Anies Ubah Nama Jalan dan RSUD, Ketua DPRD DKI: Stop Bikin Kebijakan…

Anies Ubah Nama Jalan dan RSUD, Ketua DPRD DKI: Stop Bikin Kebijakan…

5 Agustus 2022 Off By Redaksi

NESIATIMES.COM – Ketua DPRD DKI Jakarta Prasetio Edi Marsudi angkat suara atas aksi Gubernur Anies Baswedan yang kerap membuat kebijakan mengganti nama. 

Pasalnya, baru-baru ini Anies melakukan penjenamaan Rumah Sakit Umum Daerah (RSUD) jadi Rumah Sehat.

Padahal sebelumnya Anies sudah mengganti nama 22 jalan.

Prasetio merasa geram dengan aksi tersebut.

Menurut Prasetio, ketimbang mengganti nama RSUD, seharusnya Anies memunculkan terobosan program pembangunan atau pelayanan baru.

Kebijakan seperti ini menurutnya lebih efektif dan berdampak langsung kepada masyarakat. 

Karena itu, Prasetio menilai kebijakan yang dibuat Anies adalah ngawur. 

Ia pun meminta agar eks Mendikbud itu tak melakukan hal serupa ke depannya.

“Stop deh bikin kebijakan ngawur,” ujar Prasetio, seperti dikutip Jumat (5/8/2022).

Menurut politisi PDIP itu, Jakarta masih memiliki segudang masalah yang perlu segera ditangani. 

Yakni seperti persentase angka kemiskinan yang terus merangkak naik dan permasalahan kampung kumuh di tengah kota.

Jadi, menurutnya penjenamaan RSUD bukanlah hal yang dibutuhkan oleh masyarakat.

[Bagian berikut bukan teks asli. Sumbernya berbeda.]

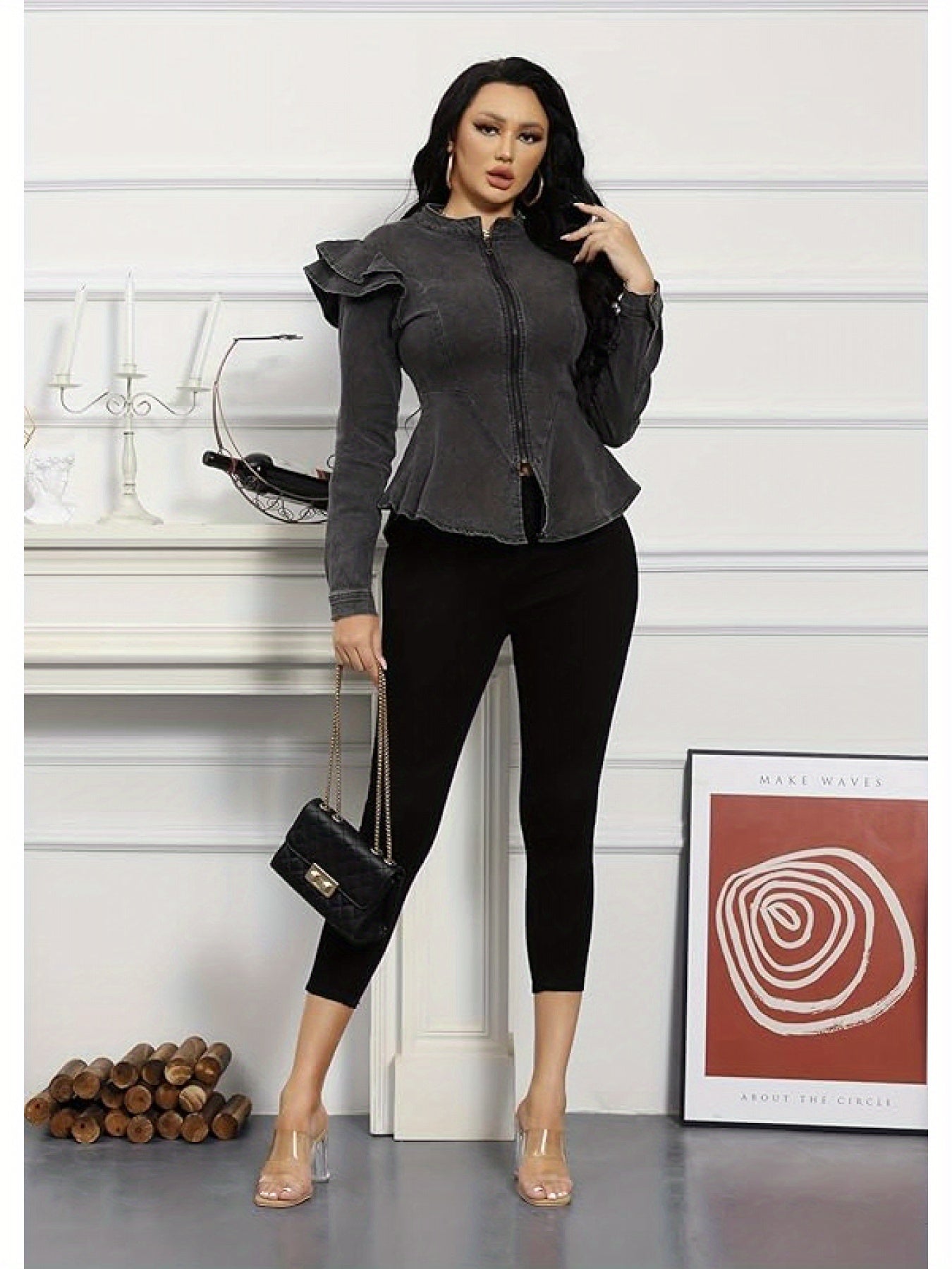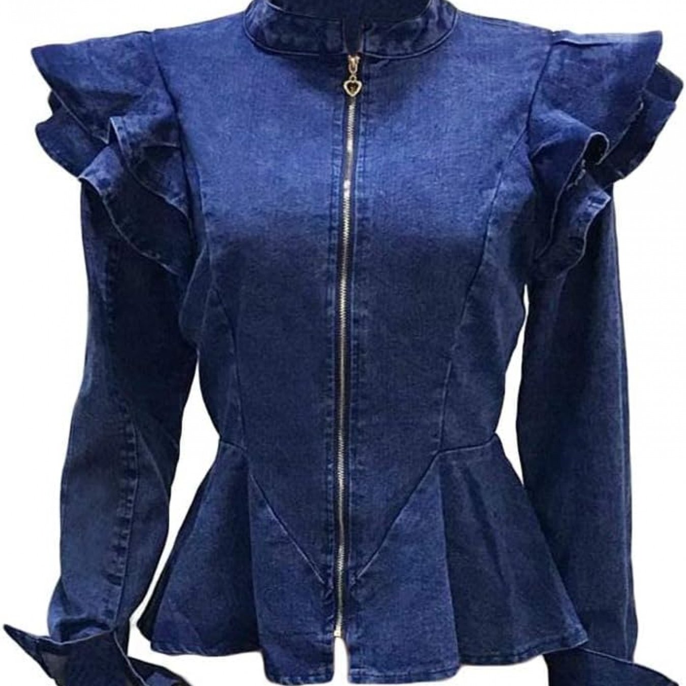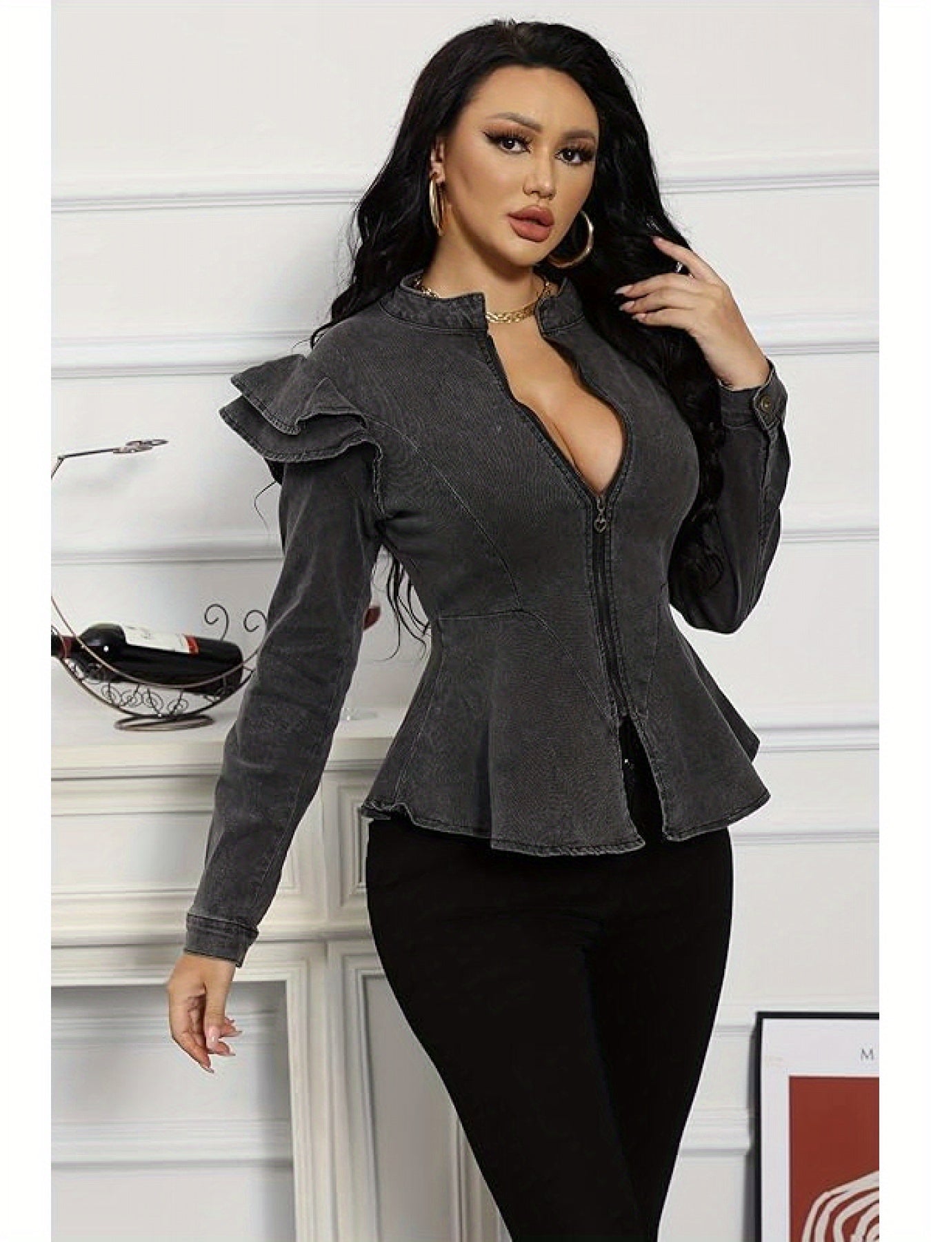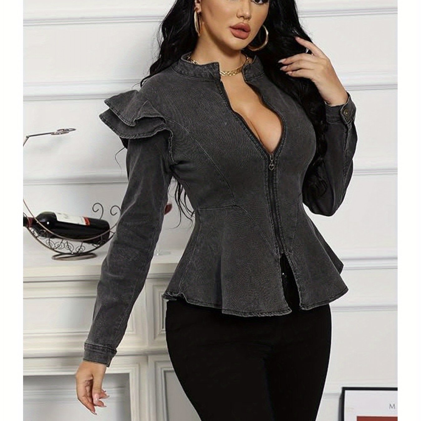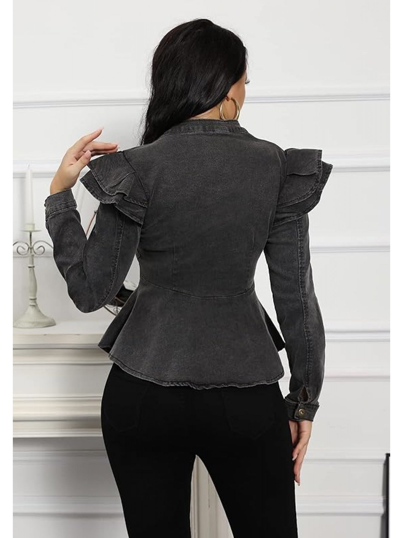 Women's Chic Gray Denim Jacket - Long Sleeve, Full Zip/Button Closure, Frilled Shoulders, Ruffle Hem Peplum Coat, Ideal for Casual Fall/Winter Fashion
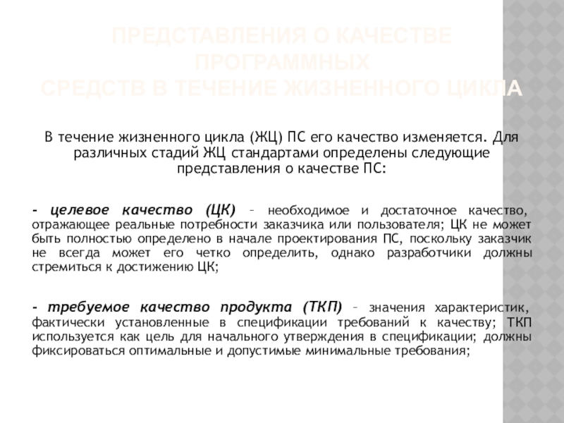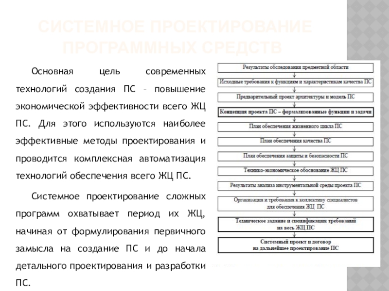 Жизненный цикл (ЖЦ) программного средства или системы – это совокупность процессов, работ и задач, включающая в себя разработку, эксплуатацию и сопровождение ПС или системы, охватывающая жизнь ПС или системы от установления требований к ним до прекращения их использования.
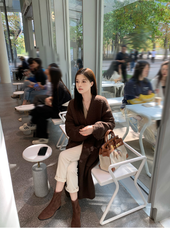 今年毋容置疑 美拉德色系领跑今年整个冬天 不管是靴子,单鞋,裤子,裙子,衣服 被这种色系的东西种草了好多 这款靴子用的是羊綡绒鞋面 就是穿上去皮质软软糯糯的感觉 这种也是穿上去比较耐看型,极简风,洋气,偏韩风 没有驾驭难度的低跟设计通勤很自在,低调有气质
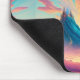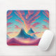 Surpreendente design do Sol Vulcânico Abstrato, que representa um vulcão que irrompeu dramaticamente num nascer do sol, com uma mistura de pastéis e cores vibrantes profundas de rosa, azul, laranja, roxo e vermelho.

Prasetio juga mengaku heran dengan kebijakan Anies memberikan penamaan Rumah Sehat. 

Menurutnya, sudah sejak dulu semua orang mengetahui rumah sakit adalah lokasi untuk mengobati penyakit.

Selain itu, penamaan rumah sakit sudah tertera jelas dalam Undang-undang Nomor 4 Tahun 2009 tentang Rumah Sakit.

Baca Juga:

MenPAN-RB Keluarkan Surat Edaran Baru, Seluruh Tenaga Honorer dan Pemda Wajib Tahu, Isinya Sangat Penting

Ganti Nama Rumah Sakit

Sebelumnya, Gubernur DKI Jakarta Anies Baswedan secara resmi mengubah nama Rumah Sakit Umum Daerah (RSUD) milik Pemprov DKI Jakarta.

Yakni menjadi rumah sehat.

Penjenamaan rumah sehat sendiri, kata Anies, sudah dirancang sejak 2019. 

Namun akibat pandemi Covid-19, realisasi daripada rencana tersebut sempat terhenti.

Anies menyebut penjenamaan ini dilakukan karena selama ini RS berorientasi pada kuratif dan rehabilitatif sehingga datang karena sakit.

Anies menyebut perubahan nama rumah sakit menjadi rumah sehat agar alam bawah sadar masyarakat terpatri, untuk datang ke rumah sakit tidak harus menjadi orang sakit. 

Namun juga agar bisa menjadi lebih sehat.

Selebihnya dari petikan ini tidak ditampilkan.